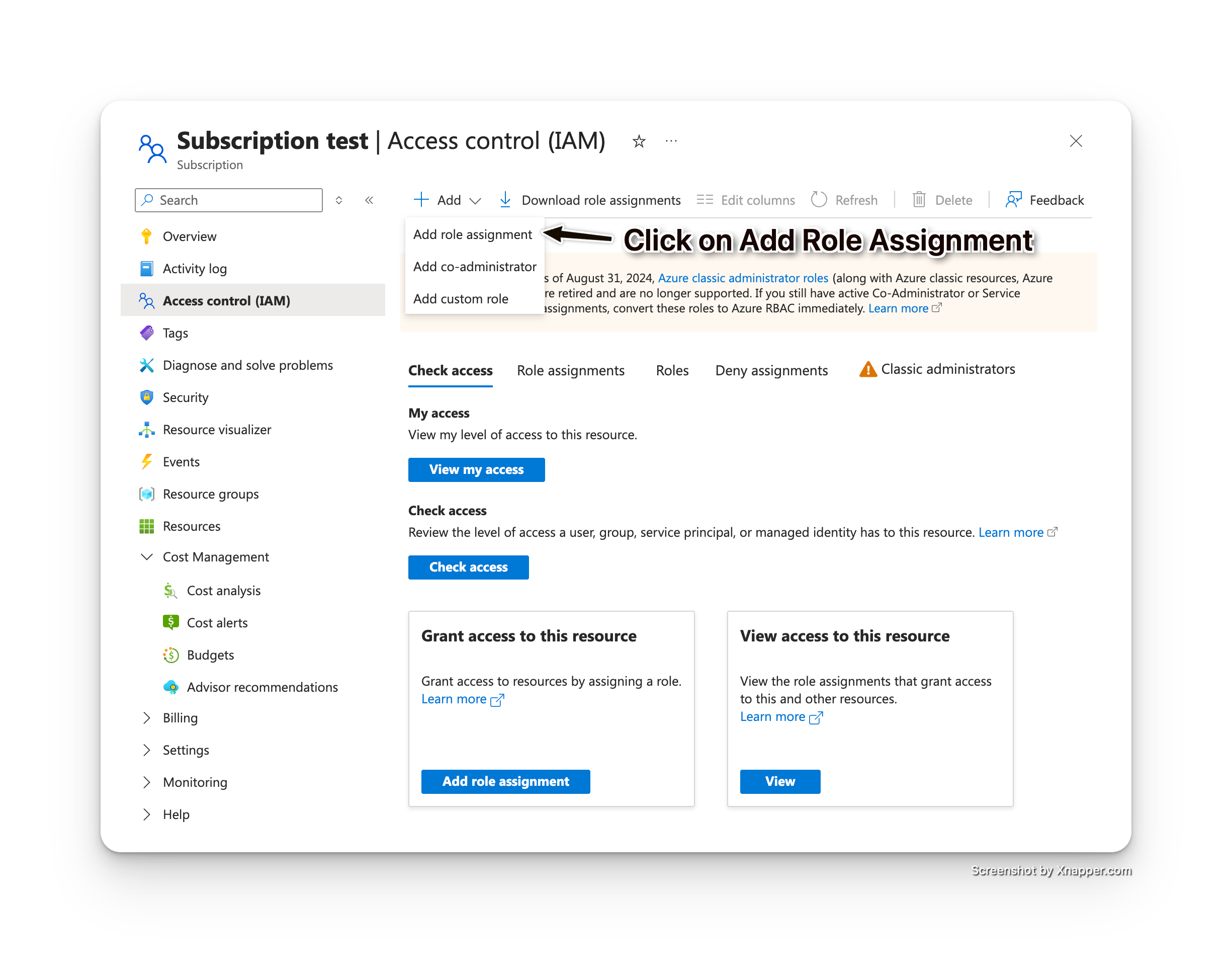 Click + Add → Add role assignment
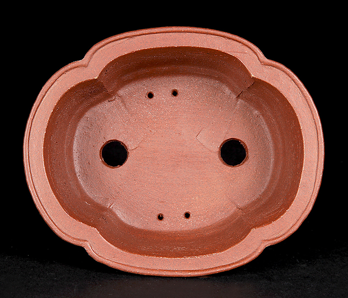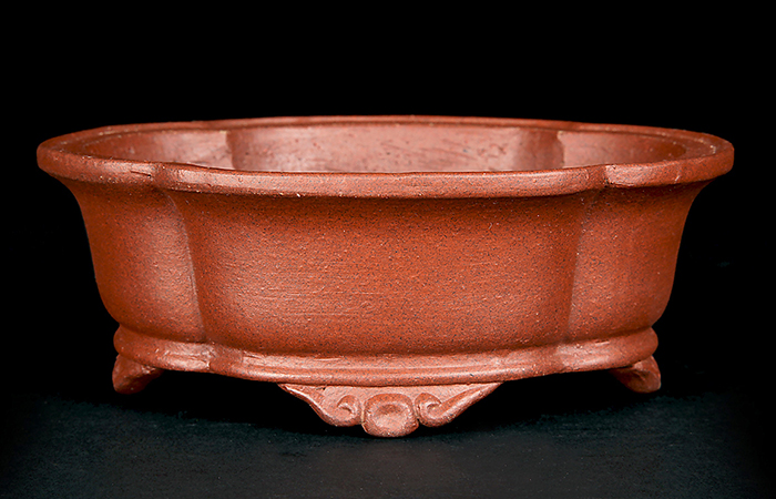 高台付きの格調高いデザインの木瓜式鉢。本格的な小品盆栽に最適な寸法で深さもあるので迫力ある樹も受け止めます。
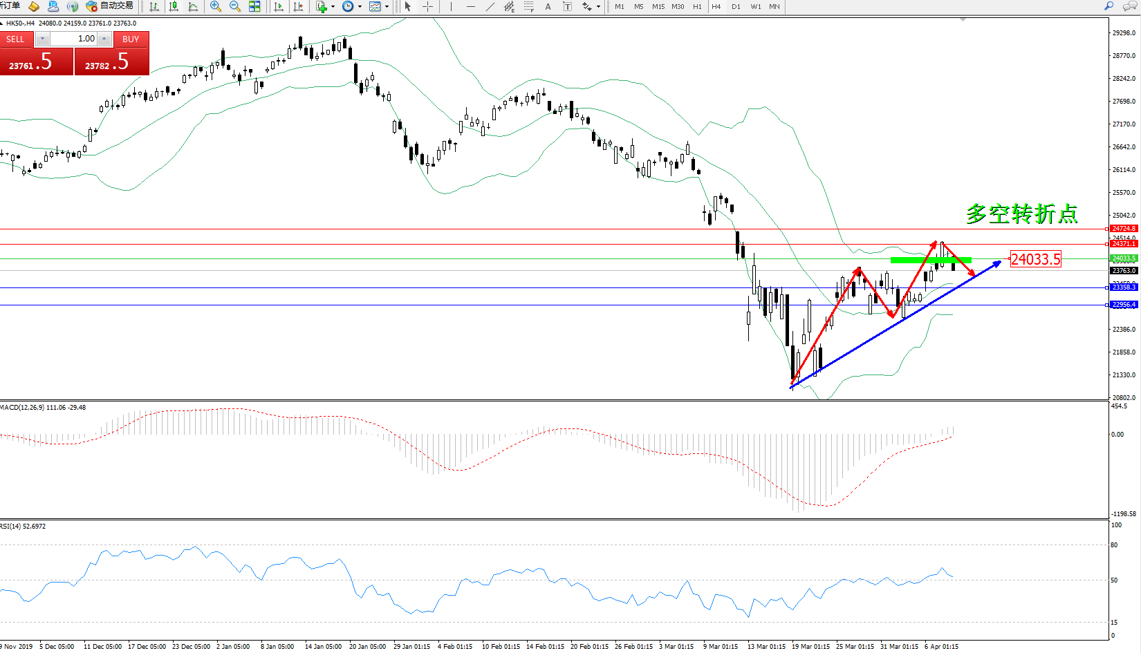 恒指HK50 ——4小时K线图显示:
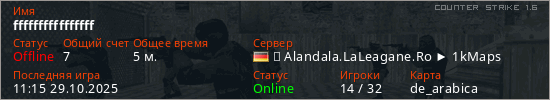 Последний раз был в сети 11:15 29.10.2025 Игрок с таким ником замечен на 7 серверах

----------

* _What you have to do_
The data above must be reproduced exactly, without any of its pictures.

* _Expected output_
 Click + Add → Add role assignment
 高台付きの格調高いデザインの木瓜式鉢。本格的な小品盆栽に最適な寸法で深さもあるので迫力ある樹も受け止めます。
 恒指HK50 ——4小时K线图显示:
 Последний раз был в сети 11:15 29.10.2025 Игрок с таким ником замечен на 7 серверах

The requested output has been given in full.